Run the method spec generator:

cd server && uv run python -m shuxueshuo_server.solver.runtime.methods.generate_specs

Add method unit tests, including old-case regression if extending an existing method.

When adding recipe or binding capability:

Add recipe and method binding rules to the relevant SolverFamilySpec.
Keep recipe generic: no problem id, no fixed point names, no answer values, and no hard-coded current-question path.
Describe what the recipe solves at the executable step level, for example “reduce a two-moving-point path by an equal-length ray construction,” not “construct point F in 和平”.
Let recipe execution own internal helper entities and method wiring when they are part of the standard action.
Add unit tests for recipe selection, selector existence, binding behavior, and any normalizer rewrite.
For recipe internals, keep a clear public contract. If the LLM should call the recipe, do not require it to know every internal method output; the compiler should wire and register companion outputs.
If later planning depends on an internal result, expose a planner insight rather than expanding the recipe into a problem-specific mega method.
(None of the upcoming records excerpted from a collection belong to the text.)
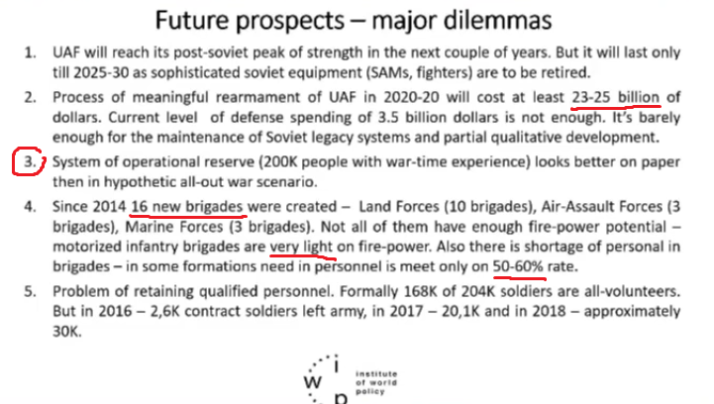 vara bungas: Ļoti informatīva prezentācija no UA pētnieka Mikolas Belieskova par UA armijas attīstību un problēmām, ko kontrastaināku padara atzītā guru – Mihaela Kofmana stāstījums par RU armijas attīstības tendencēm. Mans galvenais secinājums – piecos gados var paspēt sakrāt un sakraut kaudzē “dzelžus” , bet pilnvērtīgas armijas veidošana mērāma augstāko virsnieku paaudzēs. UA, tāpat kā LV, vēl nav tikusi pāri pirmajai. Svarīga robeža, ko paturēt prātā – ap 2028. gadu RU armija sasniegs savu spēju virsotni.
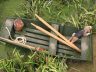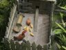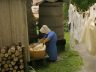 The people, dogs, and chickens are all hand carved out of various types of soft wood.  The people are about 5-6 inches tall while the Beagle dogs are about 2 inches long.
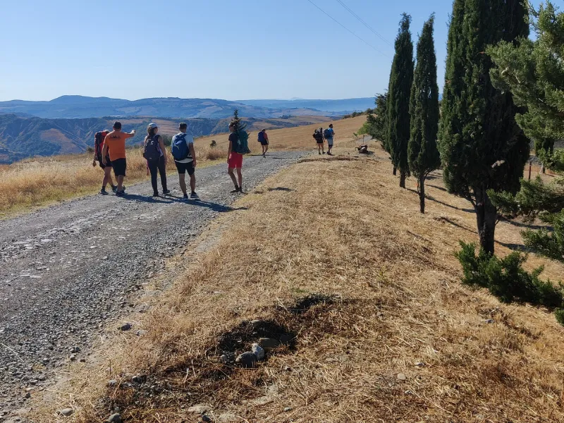 La discesa da Radicofani lungo la vecchia Cassia è uno dei tratti più belli ed emozionanti dell’intera Via Francigena: attorno a noi colline a perdita d’occhio e il Monte Amiata, e dietro di noi la Rocca.
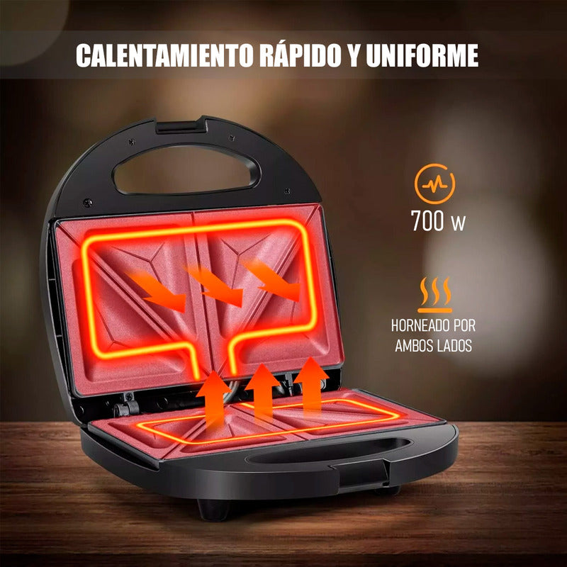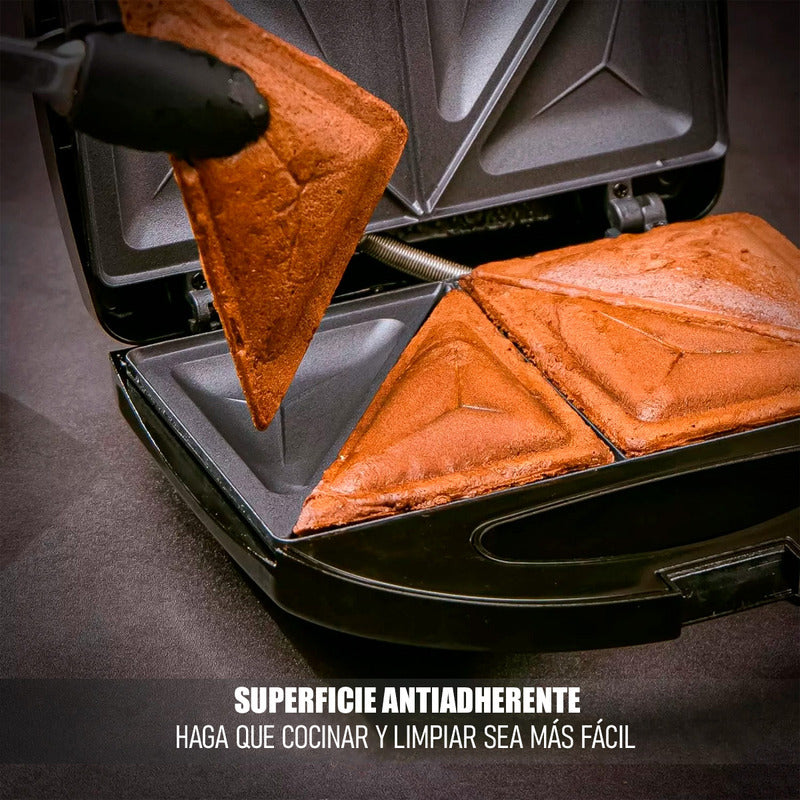 Tostadora Panini clásica de doble cara, se calienta rápida y uniformemente para un efecto perfecto, con revestimiento antiadherente que asegura que la comida no permanezca y súper fácil de limpiar.

When changing prompt/few-shot:

Keep StepIntent at method/recipe executable granularity, not student-facing explanation granularity.
Do not put expected answers into prompt or payload.
Prefer family strategy principles and verified few-shot examples over single-case prompt hacks.
In tests, do not use the current problem as few-shot. Use a verified different example or a family mock fallback.
A few-shot example teaches executable structure; webpage explanation steps may be coarser and are produced later by ExplanationBuilder.

5. Solidify The Passing Case

After the real DeepSeek test passes:

Convert the successful parsed StepIntent into internal/solver-fixtures/<problem_id>.executable-step-intents.json.
Ensure every executable step has a non-null recipe_hint that matches a recipe id or method id unless the code can uniquely resolve it by design.
Add recorded Strategy E2E and assert it does not call deterministic planner.
Generate the few-shot projection for the problem.
Run focused tests and full solver regression.
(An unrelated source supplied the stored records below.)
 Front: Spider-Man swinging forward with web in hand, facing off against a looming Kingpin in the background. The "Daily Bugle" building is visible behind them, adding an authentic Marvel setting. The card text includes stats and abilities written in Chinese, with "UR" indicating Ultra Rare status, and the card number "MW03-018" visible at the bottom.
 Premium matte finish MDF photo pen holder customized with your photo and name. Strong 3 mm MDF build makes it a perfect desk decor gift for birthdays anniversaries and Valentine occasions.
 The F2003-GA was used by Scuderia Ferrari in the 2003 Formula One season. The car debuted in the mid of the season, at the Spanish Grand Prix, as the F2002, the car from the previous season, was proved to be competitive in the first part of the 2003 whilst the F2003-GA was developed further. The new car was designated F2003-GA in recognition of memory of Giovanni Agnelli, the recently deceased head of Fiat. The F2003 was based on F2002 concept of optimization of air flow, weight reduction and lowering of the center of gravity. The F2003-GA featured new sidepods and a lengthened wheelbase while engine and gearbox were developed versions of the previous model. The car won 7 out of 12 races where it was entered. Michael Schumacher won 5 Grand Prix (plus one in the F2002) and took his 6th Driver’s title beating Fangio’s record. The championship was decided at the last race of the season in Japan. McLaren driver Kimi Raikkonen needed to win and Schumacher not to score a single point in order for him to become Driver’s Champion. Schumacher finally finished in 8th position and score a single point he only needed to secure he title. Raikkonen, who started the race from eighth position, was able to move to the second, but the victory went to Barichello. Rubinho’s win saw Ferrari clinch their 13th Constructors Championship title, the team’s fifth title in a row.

6. Handoff To Lesson Page Generation

After the solver/runtime path is stable, use solver-to-lesson-page-onboarding for the student-facing page pipeline:

successful runtime artifacts
-> ExplanationSnapshot
-> LessonIR
-> VisualStepIR
-> interactions / animations
-> generated three JSON artifacts
-> compiled HTML

Keep webpage rendering requirements out of solver onboarding unless the page failure reveals a missing reusable runtime fact, method, recipe, binding, or planner insight. The solver skill answers “can the system solve the problem?”; the lesson-page skill answers “can the system teach, draw, animate, and compile the solved problem into a page?”

Commands

Recorded CLI smoke:

cd server && uv run python -m shuxueshuo_server.solver.solve_problem \
  --fixture ../internal/solver-fixtures/<problem_id>.json \
  --planner strategy --llm-provider recorded

Real DeepSeek:

cd server && RUN_LLM_INTEGRATION=1 RUN_DEEPSEEK_STRATEGY_PLANNER=1 \
  RUN_DEEPSEEK_<CASE>_STRATEGY_PLANNER=1 \
  uv run pytest tests/solver/test_deepseek_strategy_planner_<case>.py -q -s

Focused regression:

cd server && uv run pytest tests/solver/test_strategy_planner_phase1.py \
  tests/solver/test_strategy_planner_production.py \
  tests/solver/test_deepseek_strategy_planner_<case>.py -q

Full regression:

cd server && uv run pytest tests/solver -q
git diff --check

Guardrails

Do not keep both a solver fixture and a separate LLM ProblemIR as independent truth sources.
Do not store expected answers inside canonical ProblemIR.
Do not store derived conclusions in canonical ProblemIR, including computed coordinates for definitional points, simplified equations, final parameter values, or auxiliary construction points.
Do not use raw DeepSeek responses as permanent golden fixtures.
Do not add deterministic planners for new cases.
Do not let Strategy Planner output runtime paths, method input bindings, or ctx_N ids.
If a change helps only the current problem and cannot be described as reusable family/method/recipe behavior, stop and redesign the abstraction.